Miss Pelican's Perch

Looking at my World from a Different Place

How to Make a Myth

4 Comments

This past weekend, I was visiting with a very elderly relative.

Our conversation started with gardening, which led a discussion of the weather, then on to the science of digging wells, then to how water flows underground, to dowsing, and then finally to concerns about our drought.  We talked about a nearby creek bed that is dry most of the year and serves only as a place where rain water from winter storms runs off to the sea.

Then my relative shared a story about the creek.  Decades ago, his grandfather-in-law told him a story that he had heard as a child from an elderly woman.  The elderly woman had related that when she was young, there was enough water in the creek to row a boat all the way from the sea to the city — about 10 miles.

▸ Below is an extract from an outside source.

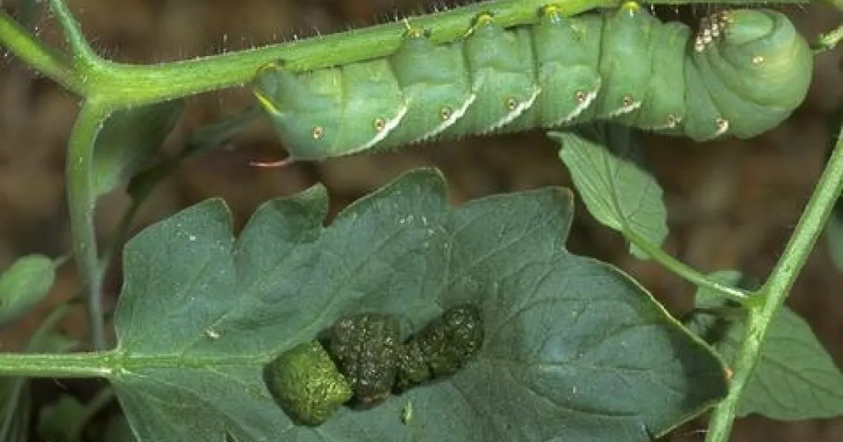 Help Desk Response: Thank you for contacting the UC Master Gardener Program Help Desk. You asked about insects in your yard. There aren't insects named green horned worm or red boxed beetles, but you probably mean the tomato hornworm (a green worm with a pointy "horn" on its rear) and possibly the box elder bug or the red-shouldered bug.

My point in sharing this has nothing to do with creeks or boats or drought.  My point is that I was listening to an account of an event that happened about 200 years ago.  I don’t know about you, but I think it is amazing that this minor little event, a tiny strand of a memory, has threaded its way down six or seven generations.

Factual events happen and become stories told to the next generation.  As they get passed along through the years, they may become legends, until finally — if the events are great enough– become myths and flow into the river of our collective unconscious.

I don’t think this boat ride will become a myth, but then again, there is something of a Garden of Eden quality about the story:  “Once upon a time, in the days when water flowed freely and everything was green and lovely, a girl-child went on a boat ride……”

ljg (c) 2013.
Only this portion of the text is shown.